Подошла Даша, взяла меня за руку.

– Идем.

Еще не поздно было рвануться за ним, окликнуть, остаться – навсегда, на всю жизнь, одну на двоих, пусть даже недолгую – лишь до рассвета, за которым наступила бы медленная смерть без него длиною в десятки лет.

Нужно было уходить.

Еще не поздно было остаться.

А я стояла и смотрела ему вслед.

Октябрь 2007 г., апрель 2008 г.

Карточки

Мне было шесть лет, когда началась война,

Все четыре военных года мы с мамой прожили в небольшом городке, затерянном в удмуртских лесах. Нас эвакуировали из Москвы в октябре сорок первого – как раз тогда, когда ушел на фронт отец, врач-хирург, работавший в одном из военных госпиталей Москвы. Мама моя, терапевт, тоже получила повестку. Но девать меня было некуда, обе бабушки наши остались в захваченном Минске, и мама пошла к военкому. Подробностей я не знал, конечно, да и не интересовался по малолетству. Мне тогда все было игрой – и тяжелая, холодная дорога в санитарном поезде до Ижевска, и чужой город, и новое жилье. Только письмо из воинской части о том, что отец пропал без вести, разбили эту игру, превратили ее в жизнь, а слезы мамы навсегда развели в моем понятии слова «война» и «игра». С той поры я перестал играть во дворе с мальчишками «в войнушку».

В памяти остался песок под ногами, в который вгрызались приземистые березы и карагачи; высокое, бледно-голубое небо; улочки, ныряющие то вверх, то вниз – город наш лежал в долине меж двух холмов; крик воробьев в марте.

И голод.

Я быстро привык к маминым почти круглосуточным дежурствам в госпитале, к самостоятельному житью-бытью, к очередям, в которых мне надо было отоваривать карточки. Но привыкнуть к голоду не мог.
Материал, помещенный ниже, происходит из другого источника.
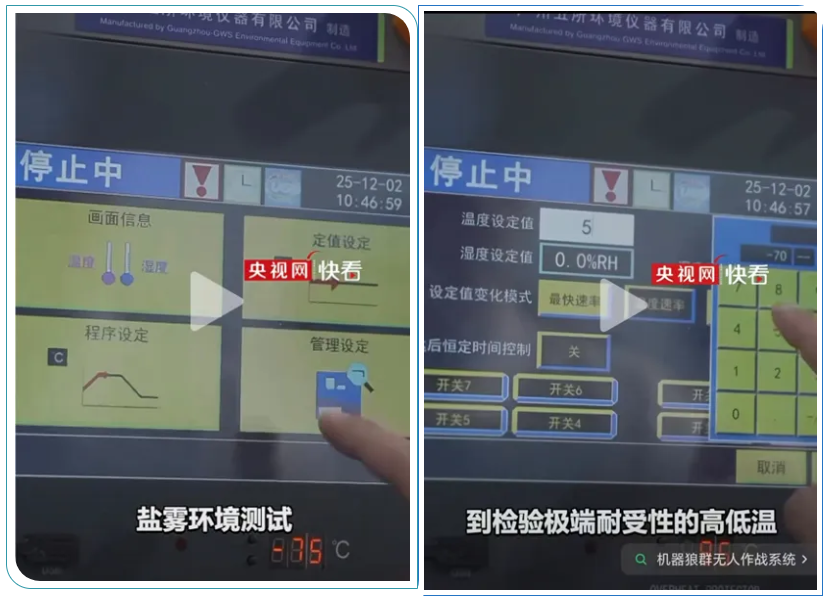 報道畫面中,廣五所公司多系列環(huán)境試驗設(shè)備協(xié)同發(fā)力:步入式試驗箱可對“機器狼”本體開展極端耐受性高低溫環(huán)境試驗,模擬極寒、高溫等復(fù)雜工況;快速溫度變化環(huán)境試驗箱則為關(guān)節(jié)電機等核心部件提供高強度的溫度沖擊驗證,精準考核部件在極端溫度交變下的性能穩(wěn)定性;同時,我司自主研發(fā)的設(shè)備控制器操作界面清晰呈現(xiàn),溫度、濕度、速率、恒定時間等關(guān)鍵環(huán)境參數(shù)實時可控,確保試驗過程精準可追溯。從核心部件的精細化測試到整機系統(tǒng)的極端環(huán)境驗證,廣五所公司設(shè)備全面助力“機器狼”完成了全鏈條可靠性考核,為打造更智能、更強健、更具實戰(zhàn)本領(lǐng)的機器狼批量化生產(chǎn)提供了關(guān)鍵數(shù)據(jù)支撐。

Желудок постоянно сводило, и я тянул в рот все, что только попадалось на дороге – кислые яблоки-падалицы в городском саду, щавель у пруда, крошки на выцветшей кухонной клеенке… Впрочем, крошки эти чаще меня успевали слизать Лидка и Соня, соседские девчонки-погодки.

Нас с мамой подселили в деревянный двухэтажный дом, к тете Тоне Зайцевой. Дом был очень старым, за водой приходилось ходить едва ли не на край света – через две улицы, к колонке. Принесенных двух ведер хватало только сварить обед и ужин. Правда, невеселая эта доля легла сначала только на маму, но потом и я, подросший, подключался по мере сил к водным походам.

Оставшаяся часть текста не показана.